Nearly half the world’s population – roughly 3.3 billion people – are at risk of contracting malaria. Though individuals in Latin America, the Middle East, and Europe are among those most often affected by the disease, the Centers for Disease Control and Prevention reports that 98 percent of global malaria deaths occur in 35 countries – 30 of them in sub-Saharan Africa and five in Asia. Every year there are nearly 250 million cases and an average of one million deaths due to malaria. Reports show that in 2008, an estimated 863,000 people died from malaria infection, indicating some improvement in diagnosis and treatment outcomes. Transmission is possible to any individual, however some groups are at an increased risk. These include young children who have not yet developed full immunity, pregnant women whose immunity has been decreased by pregnancy, international travelers who lack immunity, and  individuals with HIV/AIDS or others with compromised immune systems.
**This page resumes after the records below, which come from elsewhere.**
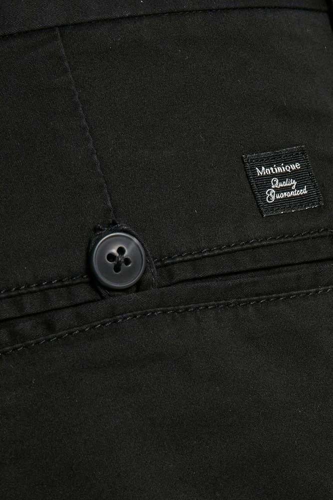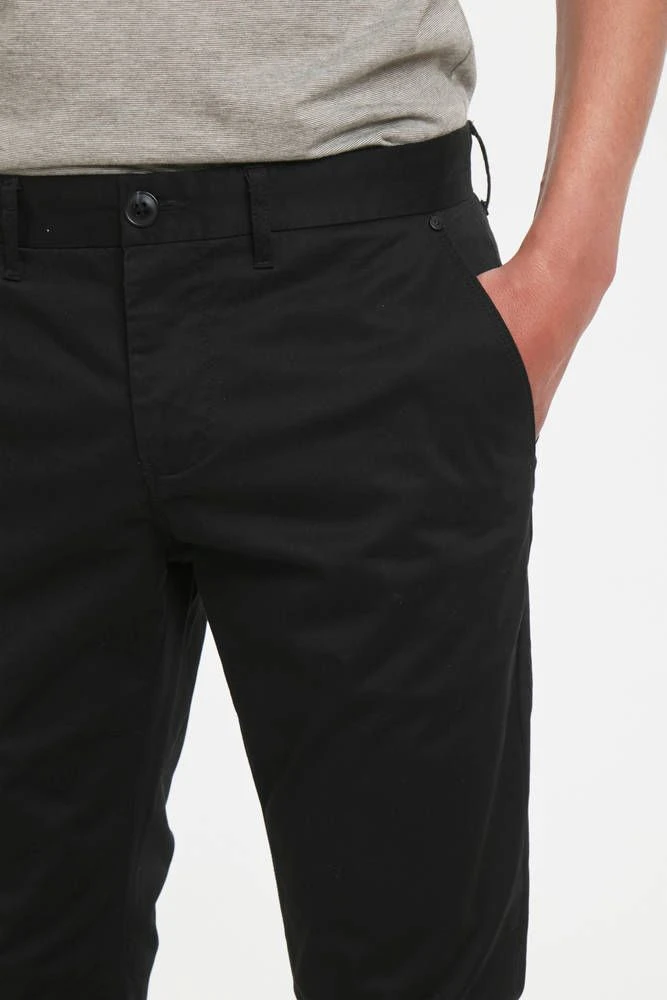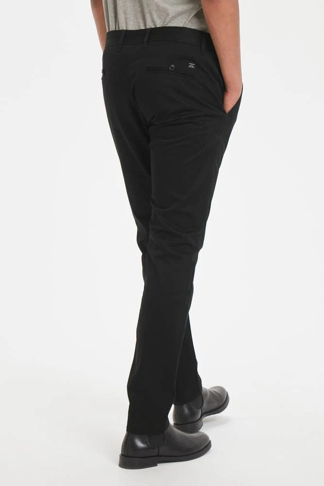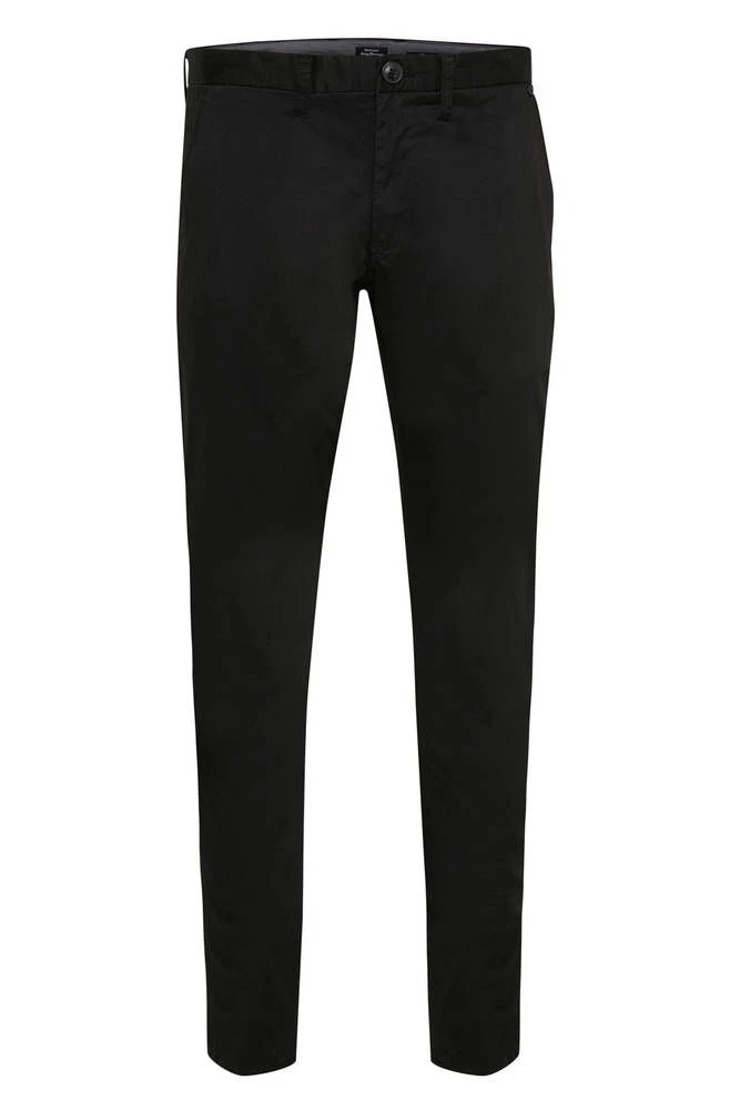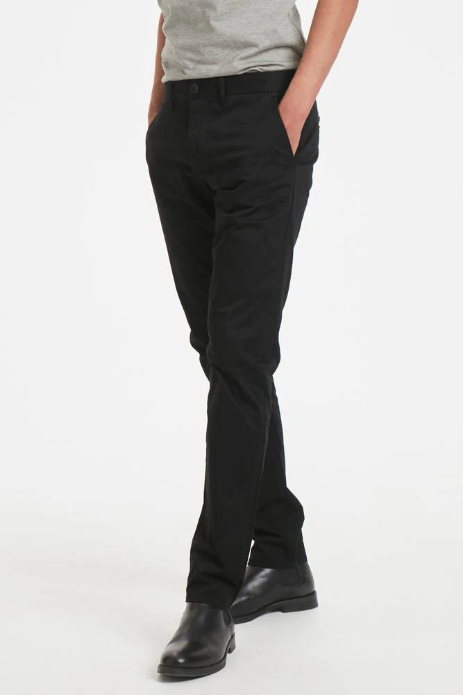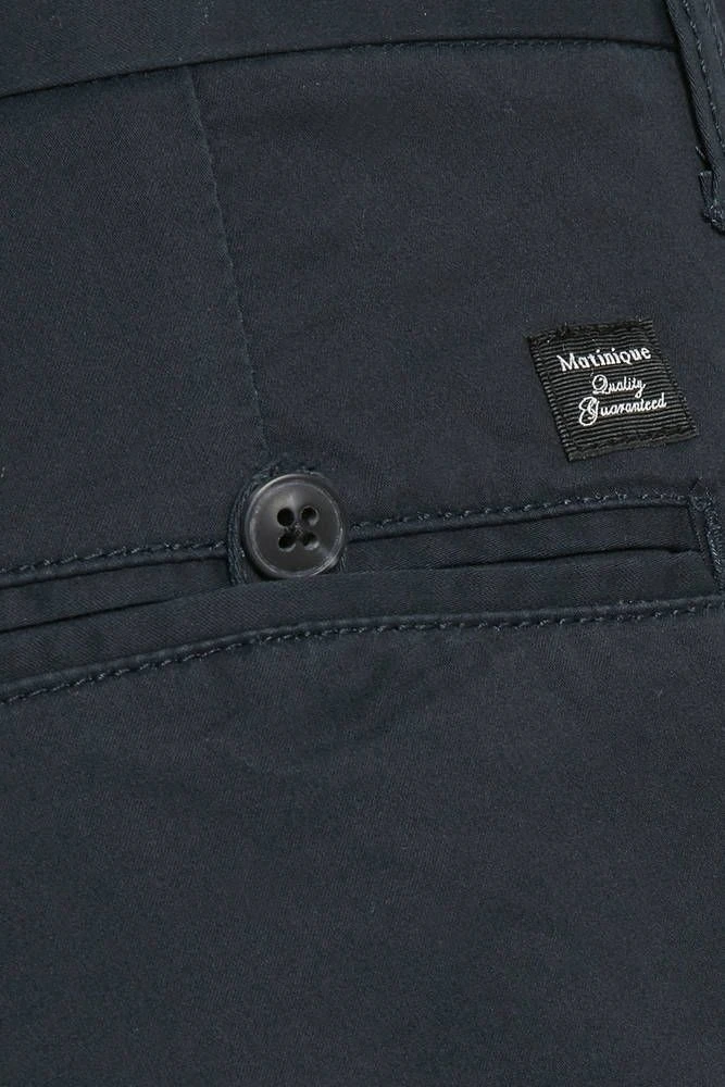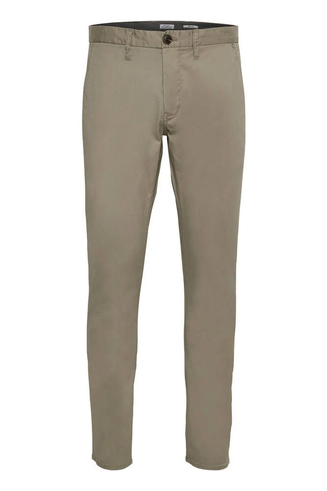 Siistit yksiväriset puuvillachinot kapeahkolla lahkeella. Housujen etupuolella on vinot avotaskut ja takana napilliset takataskut. Joustava materiaali lisää housujen käyttömukavuutta.
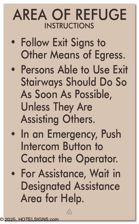 This sign, EBW-AR1912, is compliant with current regulations listed in the International Code Council, or ICC. For further information, click the following link, https://codes.iccsafe.org/content/IBC2018P4/chapter-10-means-of-egress#IBC2018P4_Ch10_Sec1009.9, for individual codes (IBC Chapter 10, Section 1009.11; CBC Chapter 10, Section 1009.11; NYC Chapter 10, Sections 1007.9; 1007.11).
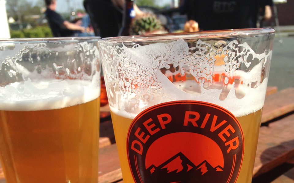 Having chosen the two Deep River IPAs and swapping sips to try each other’s, my husband and I stumbled back into the unseasonably warm weather. I was amazed that of all the patio seating, no one had chosen the loveseats made out of stained pallet wood, which had comfy green cushions like you’d find in a home improvement store. Echoes from the nearby Dash stadium wafted over, and the sun shone hot and high. A Tibetan gong-sounding chime softly bonged behind me at intervals, and I realized how “Zen chill” I felt before our new friend pointed it out.
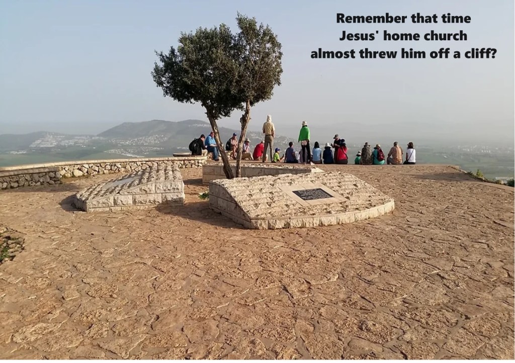 Image of Mount Precipice in Israel. I was privileged to be there in July 2023 with some of the best preachers I know.You can read why Jesus’ home church wanted to throw him off a cliff after his first sermon here.
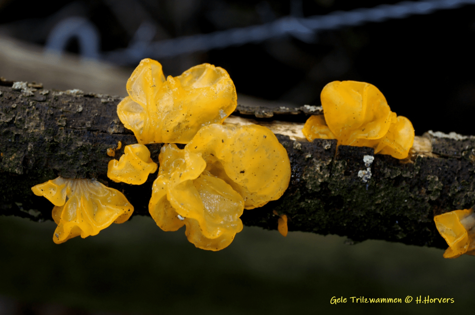 Gele Trilzwammen op tak.

Malaria is a preventable and curable acute febrile illness caused by the bite of Anopheles mosquitoes which have been infected with Plasmodium parasites. The long lifespan of the Anopheles species found in Africa contributes to the disease’s prevalence in the region, and experts note that more than 85 percent of the world’s malaria deaths occur in Africa. Symptoms are usually seen seven days after the infective mosquito bite, and include fever, headache, chills, and vomiting. If diagnosed quickly, malaria can be treated using artemisinin-based combination therapy (ACT), however if treatment is not initiated, malaria can progress and lead to severe anemia, respiratory distress, or death.

In countries where malaria is endemic, access to diagnostic tools and medications may be limited. Less than 15 percent of these individuals are able to begin treatment within 24 hours of the onset of fever, which is when treatment must be started. Malaria diagnosis relies on either microscopy or rapid test procedures to allow healthcare providers to quickly determine if patients have the disease and require treatment. The Malaria Product Testing Evaluation Programme recently completed an assessment of 29 rapid diagnostic tests and found that 16 of them met the minimum performance criteria set by the WHO. According to Robert Newman, the director of the WHO’s Global Malaria Programme, using rapid tests allows healthcare providers to “test people who cannot access diagnosis based on microscopy in remote, rural areas where the majority of malaria occurs” and thus improves treatment outcomes.

In addition to improved testing, global efforts are underway to control malaria by eliminating the mosquitoes that transmit the disease. During the past decade, the distribution of treated bed nets has increased rapidly in 11 African nations, helping to reduce infection rates. Reports indicate that in 2008, 31 percent of African homes had insecticide-treated nets (ITNs), compared with 17 percent in 2006. Through the use of ITNs, as well as spraying of homes with insecticide chemicals, 10 African nations reduced the number of cases of malaria by at least 50 percent between 2000 and 2008.

Though there is no vaccine for malaria, more effective prevention measures, diagnostic tests, and medications can help to improve treatment outcomes for those affected. Government agencies, including the World Bank, and other groups, such as Roll Back Malaria global partnership, have made efforts to increase global awareness about malaria. By utilizing social media and online tools it has been possible to improve the effectiveness of outreach and fundraising for efforts which may help to eradicate malaria worldwide.